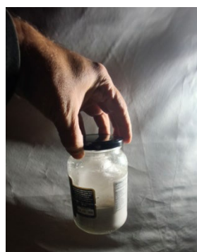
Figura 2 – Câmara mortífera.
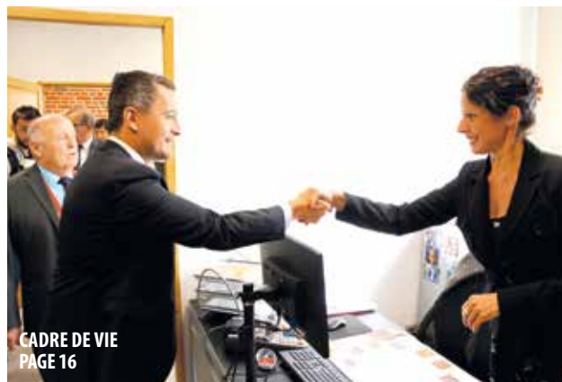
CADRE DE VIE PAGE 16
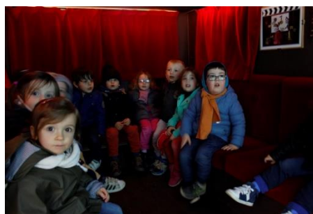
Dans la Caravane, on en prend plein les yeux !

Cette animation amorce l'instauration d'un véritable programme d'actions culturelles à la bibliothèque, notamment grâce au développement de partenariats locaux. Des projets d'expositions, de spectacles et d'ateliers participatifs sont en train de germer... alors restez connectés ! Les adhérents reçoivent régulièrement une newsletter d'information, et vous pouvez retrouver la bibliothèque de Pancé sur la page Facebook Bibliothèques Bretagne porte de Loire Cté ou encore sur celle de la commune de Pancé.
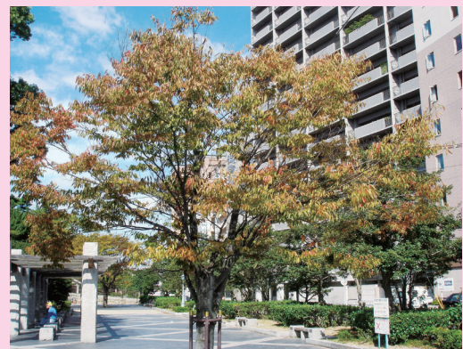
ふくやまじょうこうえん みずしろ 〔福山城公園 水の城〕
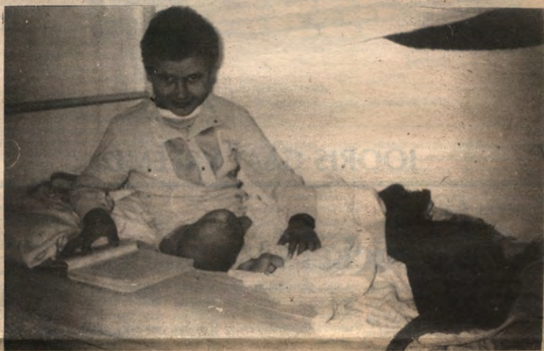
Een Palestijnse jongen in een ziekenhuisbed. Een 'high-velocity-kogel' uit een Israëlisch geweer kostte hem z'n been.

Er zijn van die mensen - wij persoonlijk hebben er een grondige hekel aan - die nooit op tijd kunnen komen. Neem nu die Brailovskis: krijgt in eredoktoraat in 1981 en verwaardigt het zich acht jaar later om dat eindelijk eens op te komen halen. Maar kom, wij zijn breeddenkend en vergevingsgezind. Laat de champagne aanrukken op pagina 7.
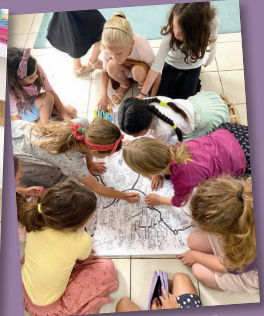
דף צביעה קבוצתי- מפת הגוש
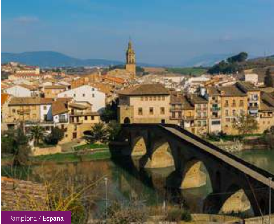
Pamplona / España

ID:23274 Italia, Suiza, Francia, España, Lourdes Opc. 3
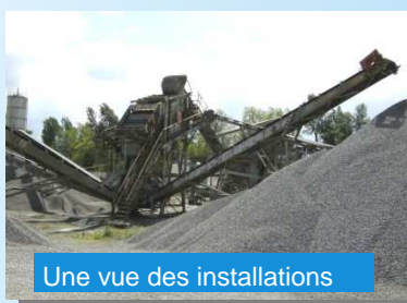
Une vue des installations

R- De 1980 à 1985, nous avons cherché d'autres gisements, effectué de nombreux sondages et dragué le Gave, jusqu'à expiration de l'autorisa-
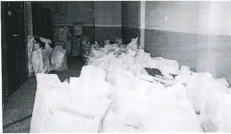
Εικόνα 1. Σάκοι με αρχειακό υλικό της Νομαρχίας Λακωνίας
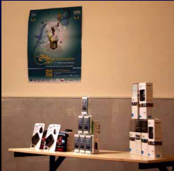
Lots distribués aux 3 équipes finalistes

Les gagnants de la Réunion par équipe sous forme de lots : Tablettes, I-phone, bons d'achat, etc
...
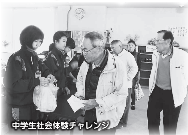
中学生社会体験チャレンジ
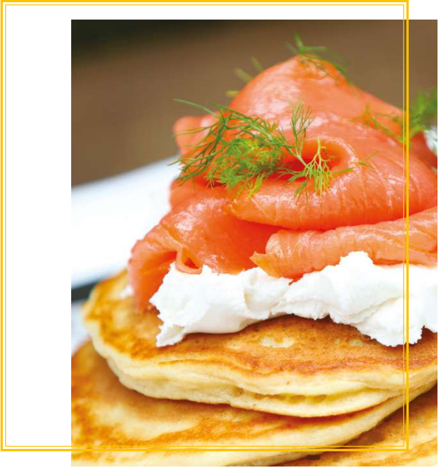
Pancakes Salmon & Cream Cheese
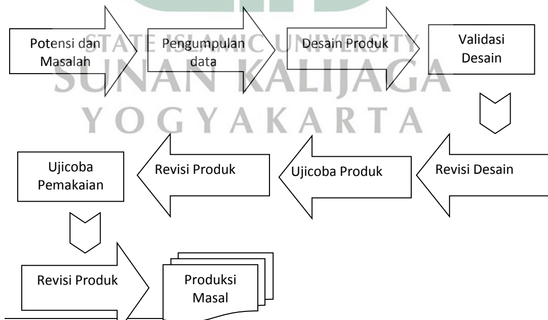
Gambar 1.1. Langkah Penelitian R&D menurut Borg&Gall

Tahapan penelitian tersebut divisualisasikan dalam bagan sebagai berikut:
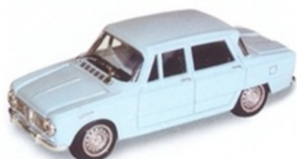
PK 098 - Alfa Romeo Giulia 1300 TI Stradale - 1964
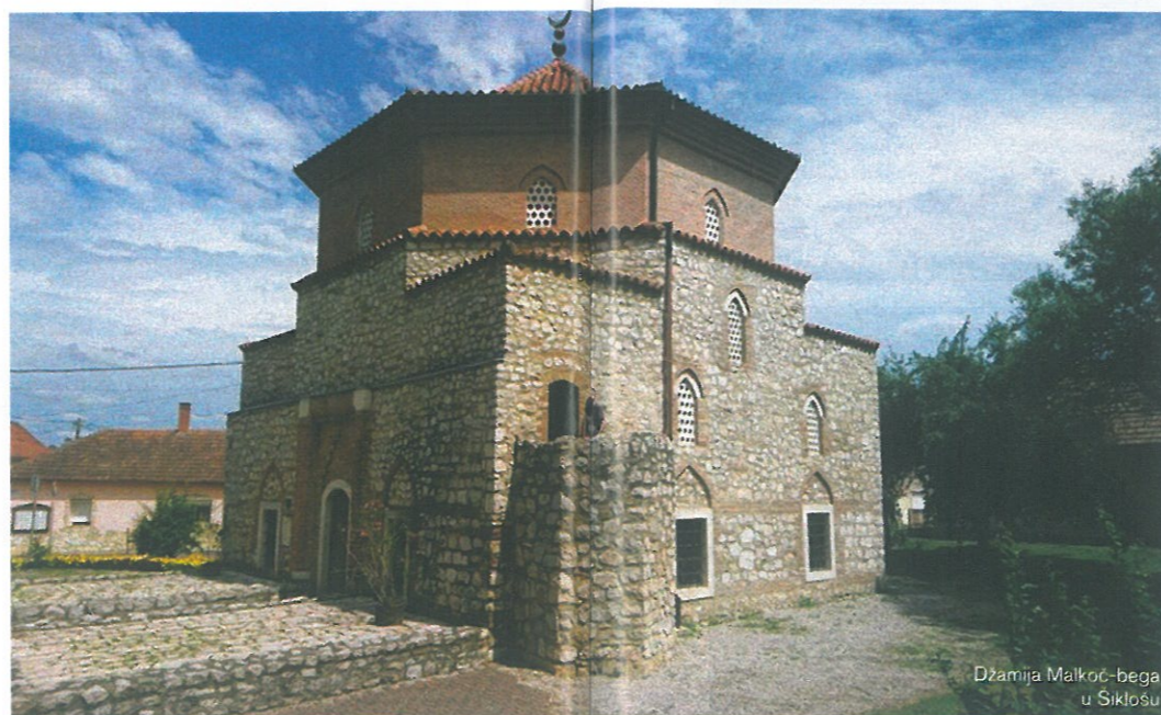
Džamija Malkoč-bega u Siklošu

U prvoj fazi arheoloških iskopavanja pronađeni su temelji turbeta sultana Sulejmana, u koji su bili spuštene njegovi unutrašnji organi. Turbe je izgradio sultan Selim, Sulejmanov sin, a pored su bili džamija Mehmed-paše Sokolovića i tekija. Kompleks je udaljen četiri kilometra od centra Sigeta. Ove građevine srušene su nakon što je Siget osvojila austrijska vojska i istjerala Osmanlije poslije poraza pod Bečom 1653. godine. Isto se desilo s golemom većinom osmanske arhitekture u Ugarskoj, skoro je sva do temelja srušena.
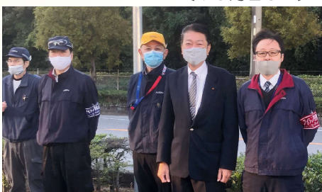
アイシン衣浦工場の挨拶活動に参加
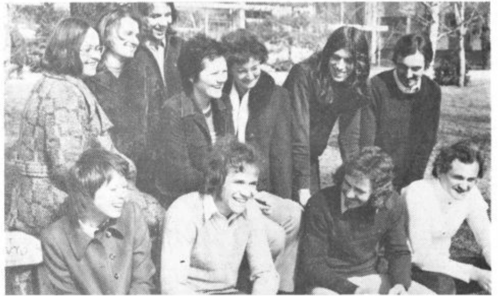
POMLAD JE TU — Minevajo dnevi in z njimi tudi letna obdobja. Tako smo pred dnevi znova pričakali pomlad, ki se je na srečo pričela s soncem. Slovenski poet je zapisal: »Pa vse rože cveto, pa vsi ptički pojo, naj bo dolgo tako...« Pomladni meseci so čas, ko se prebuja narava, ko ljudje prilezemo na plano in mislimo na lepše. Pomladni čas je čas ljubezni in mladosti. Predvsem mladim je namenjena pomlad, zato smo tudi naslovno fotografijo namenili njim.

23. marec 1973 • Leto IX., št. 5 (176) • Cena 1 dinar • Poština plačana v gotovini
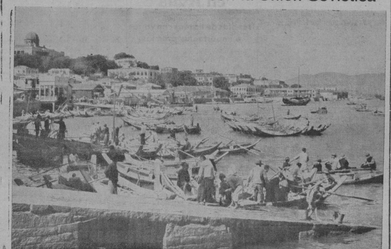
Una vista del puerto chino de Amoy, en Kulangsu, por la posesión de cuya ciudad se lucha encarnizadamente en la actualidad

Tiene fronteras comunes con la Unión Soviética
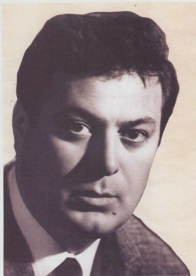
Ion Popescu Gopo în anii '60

WHAT TO WORK ON:
Scan the entries above and copy each line where "España" occurs.

ANSWER BOX:
Pamplona / España
ID:23274 Italia, Suiza, Francia, España, Lourdes Opc. 3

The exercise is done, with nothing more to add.